** Material provided follows **
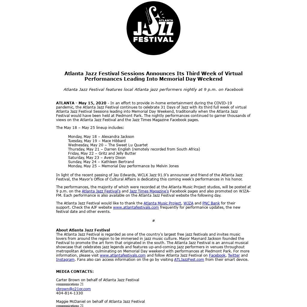 The Atlanta Jazz Festival would like to thank the Atlanta Music Project, WJZA and PNC Bank for their support. Check the AJF website www.atlantafestivals.com frequently for performance updates, the new festival date and other events.
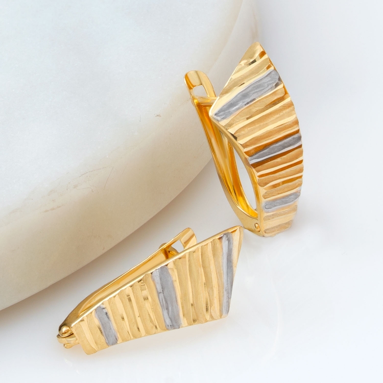 Kolczyki złote laserówki diamentowane dwukolorowe KZ784
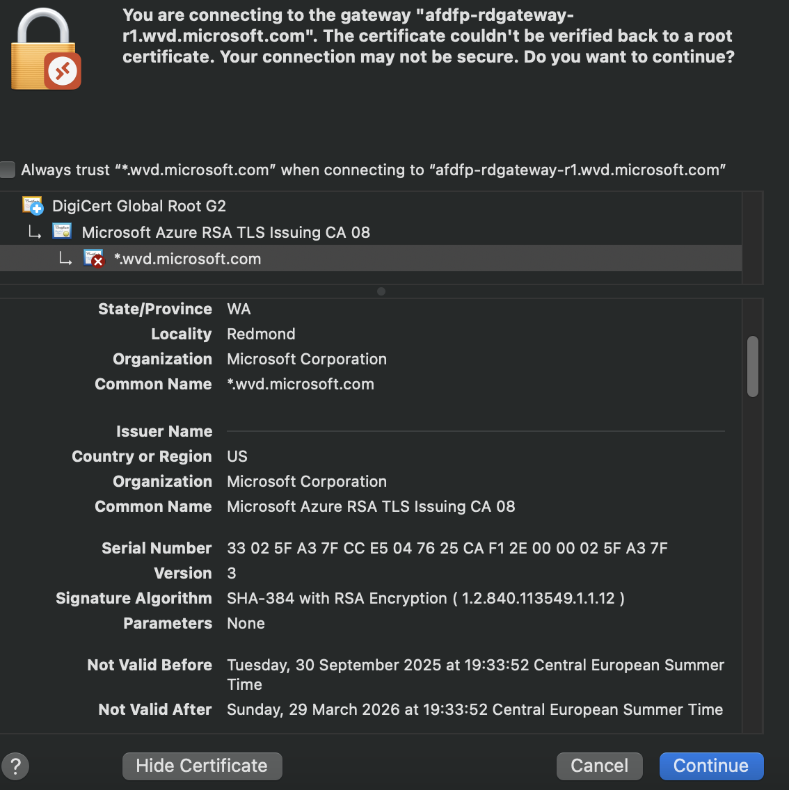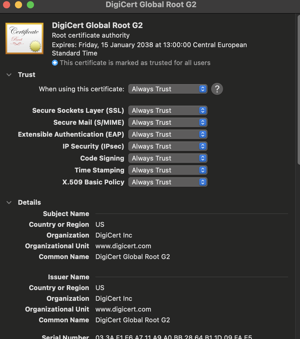So tried it with trusting the Digicert Root CA, but still the same error message.
** End of Material provided **
## Action item
Would you give the data above again word for word, minus the pictures?

## Problem solution
 The Atlanta Jazz Festival would like to thank the Atlanta Music Project, WJZA and PNC Bank for their support. Check the AJF website www.atlantafestivals.com frequently for performance updates, the new festival date and other events.
 Kolczyki złote laserówki diamentowane dwukolorowe KZ784
So tried it with trusting the Digicert Root CA, but still the same error message.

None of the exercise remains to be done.